__Instructions to follow__
From the records below, set down exactly the lines starting with the line that contains "Evenimentul cultural va" and going on through the line that contains "Потребление: показатель не". Nothing else is wanted.

━━━━━ Dataset extract ━━━━━

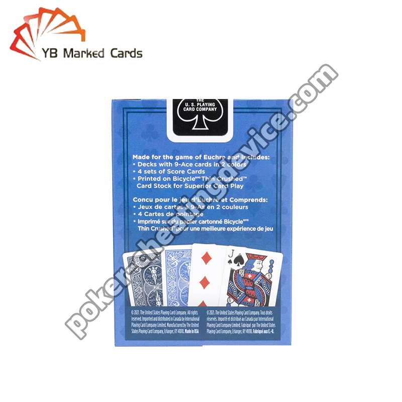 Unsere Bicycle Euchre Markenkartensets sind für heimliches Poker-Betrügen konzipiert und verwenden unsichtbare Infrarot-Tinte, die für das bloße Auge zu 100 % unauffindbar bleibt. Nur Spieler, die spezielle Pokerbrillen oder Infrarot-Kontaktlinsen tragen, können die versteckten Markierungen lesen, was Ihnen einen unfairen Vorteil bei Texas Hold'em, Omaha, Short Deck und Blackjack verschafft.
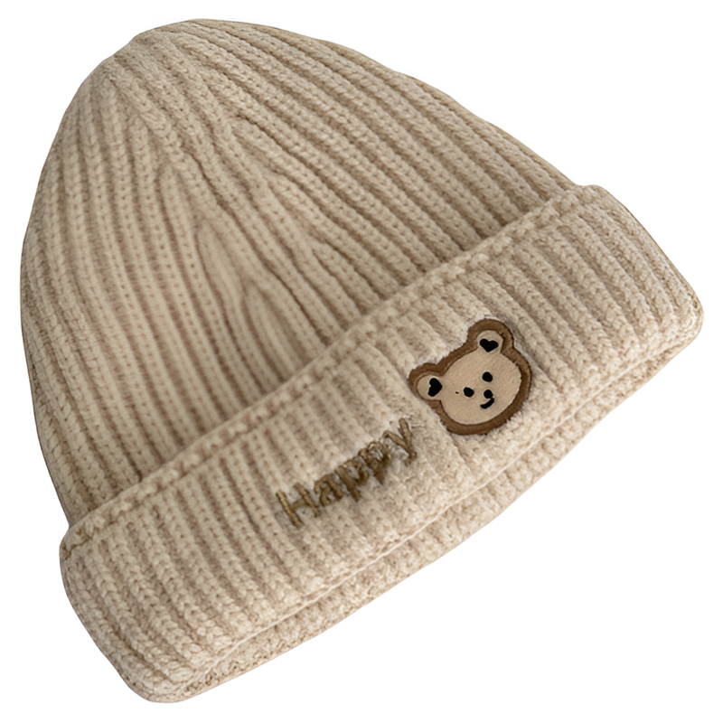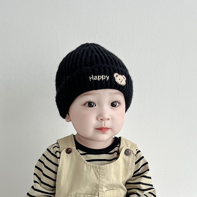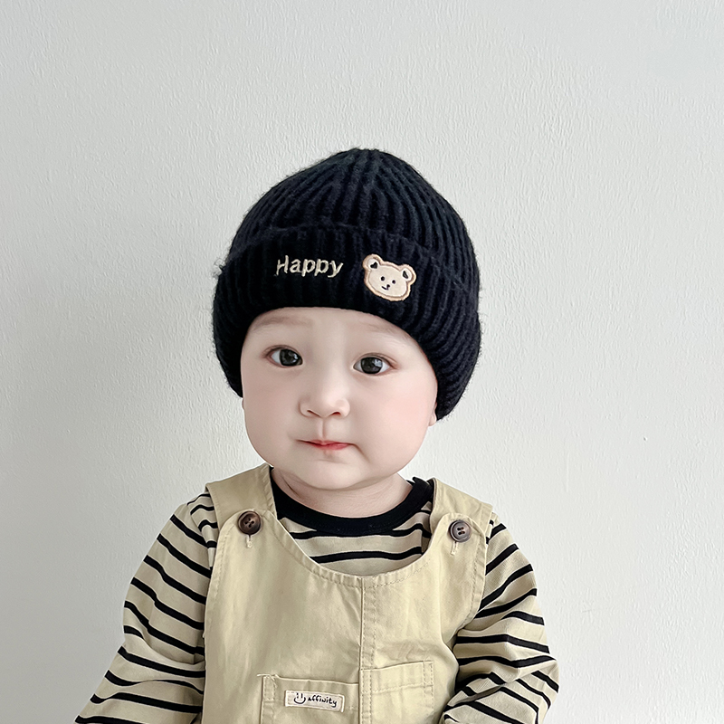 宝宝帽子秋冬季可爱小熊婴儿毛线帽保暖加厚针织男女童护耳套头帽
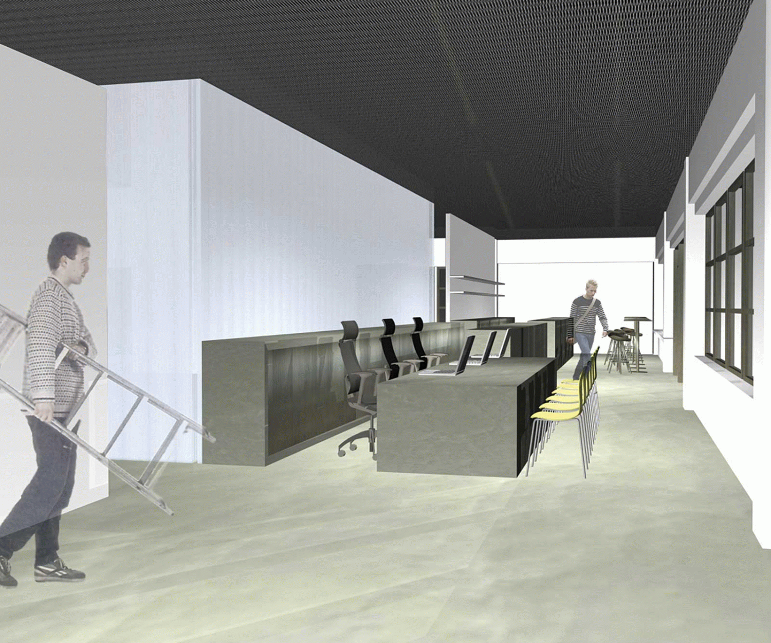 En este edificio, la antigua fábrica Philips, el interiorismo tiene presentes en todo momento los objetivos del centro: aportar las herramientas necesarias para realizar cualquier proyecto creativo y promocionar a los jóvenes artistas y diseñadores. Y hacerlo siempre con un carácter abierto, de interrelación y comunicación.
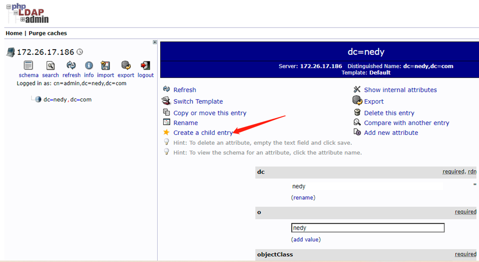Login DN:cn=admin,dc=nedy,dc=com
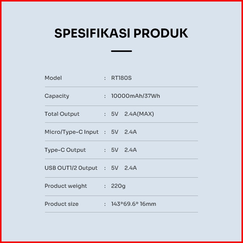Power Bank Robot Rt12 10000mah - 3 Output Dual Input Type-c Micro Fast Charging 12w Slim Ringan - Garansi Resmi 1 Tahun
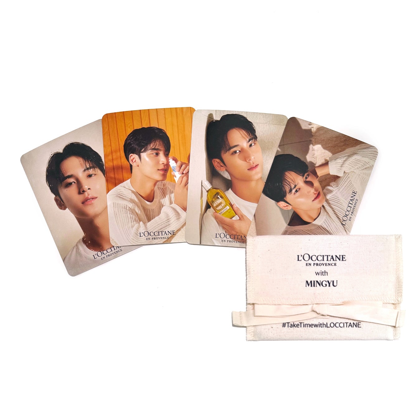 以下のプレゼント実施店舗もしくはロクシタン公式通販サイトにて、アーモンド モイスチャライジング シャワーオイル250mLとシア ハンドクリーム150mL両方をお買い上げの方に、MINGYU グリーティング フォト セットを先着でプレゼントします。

━━━━━
━━━━━ Dataset extract ━━━━━

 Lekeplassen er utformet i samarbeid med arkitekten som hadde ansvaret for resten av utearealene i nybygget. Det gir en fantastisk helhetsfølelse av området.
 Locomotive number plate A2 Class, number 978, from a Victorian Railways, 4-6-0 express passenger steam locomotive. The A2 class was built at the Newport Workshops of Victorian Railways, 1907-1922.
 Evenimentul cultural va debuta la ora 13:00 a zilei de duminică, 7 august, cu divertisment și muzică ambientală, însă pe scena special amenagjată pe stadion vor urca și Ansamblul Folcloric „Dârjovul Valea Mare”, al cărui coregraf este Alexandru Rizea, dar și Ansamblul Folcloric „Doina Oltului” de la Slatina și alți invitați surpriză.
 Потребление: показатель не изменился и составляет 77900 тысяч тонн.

━━━━━

__Reply__
 Evenimentul cultural va debuta la ora 13:00 a zilei de duminică, 7 august, cu divertisment și muzică ambientală, însă pe scena special amenagjată pe stadion vor urca și Ansamblul Folcloric „Dârjovul Valea Mare”, al cărui coregraf este Alexandru Rizea, dar și Ansamblul Folcloric „Doina Oltului” de la Slatina și alți invitați surpriză.
 Потребление: показатель не изменился и составляет 77900 тысяч тонн.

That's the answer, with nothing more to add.